AlexandreDecan avatar AlexandreDecan commented on May 26, 2024 1

Hello,

Thanks for these explanations. I think I get it now ;-)

I indeed prefer the first option, which seems cleaner and more appropriate. However, since it requires to maintain the intervals sorted and, as such, requires a lot of changes, I think we can opt for the second option as a "temporary workaround". At some point, I hope to find time and courage to write an IntervalDict based on a kind of self-balancing red-black-tree like structure, so to achieve better performances at the same time. That won't be easy (esp. to keep the current API, since a tree-like structure requires to store atomic intervals only) and I don't have short plan for this now ;-)

from portion.

AlexandreDecan avatar AlexandreDecan commented on May 26, 2024 1

I was looking at the implementation of xView in Python (see https://github.com/python/cpython/blob/master/Lib/_collections_abc.py#L729), and I've the impression that we cannot simply reuse the code you suggested in #34 (comment).

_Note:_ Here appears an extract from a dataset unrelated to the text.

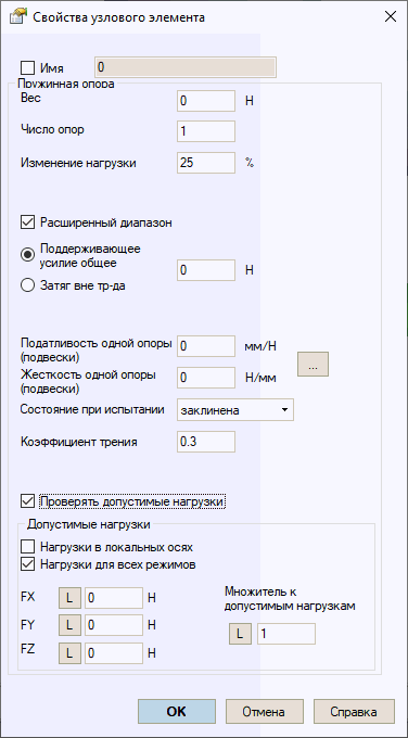 задать допускаемые нагрузки для строительных конструкций, к которым прикреплены пружинные опоры и подвески. Используется в случае, если допускаемая нагрузка меньше, чем допускаемая нагрузка на пружину |
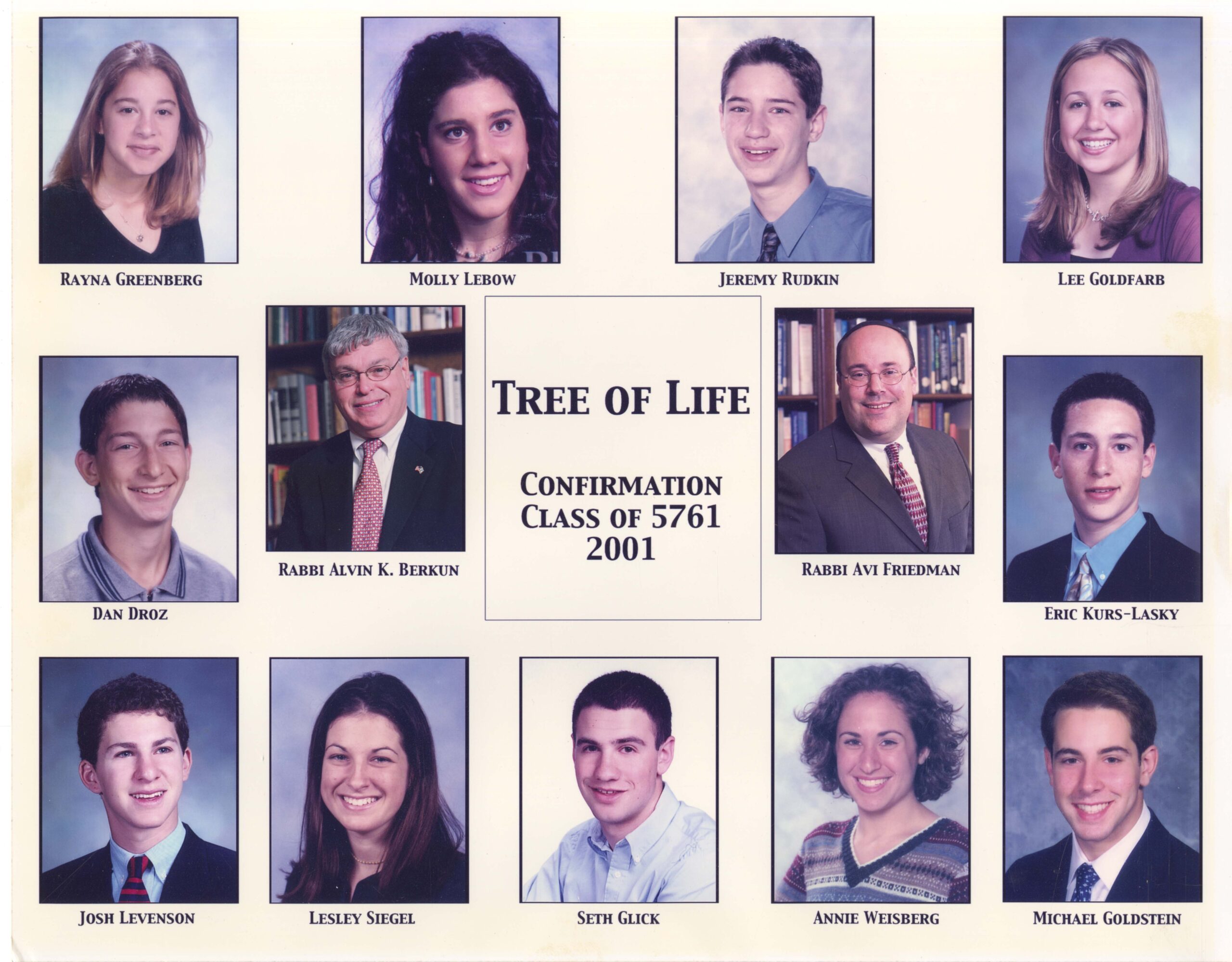 Photograph of the 2001 confirmation class of Tree of Life Congregation of Pittsburgh. Pictured: Rayna Greenberg, Molly Lebow, Jeremy Rudkin, Lee Goldfarb, Dan Droz, Rabbi Alvin K. Berkun, Rabbi Avi Friedman, Eric Kurs-Lasky, Josh Levenson, Lesley Siegel, Seth Glick, Annie Weisberg, Michael Goldstein.

For example, the __contains__ method of ValuesView (see https://github.com/python/cpython/blob/master/Lib/_collections_abc.py#L776) is, I think, unlikely to work out of the box, since keys in IntervalDict can be Interval or values, and in the case of an Interval, the IntervalDict.get method returns a new IntervalDict. I need to check, but I guess that if we have an IntervalDict and we instantiate a ValuesView from it, checking for containment in this view will fail since the keys that will be tested (see line 777) will be Interval instances, and as such, any value returned on line 778 will be an IntervalDict (where parameter value should, intuitively, be a value), making the comparison on line 779 fails.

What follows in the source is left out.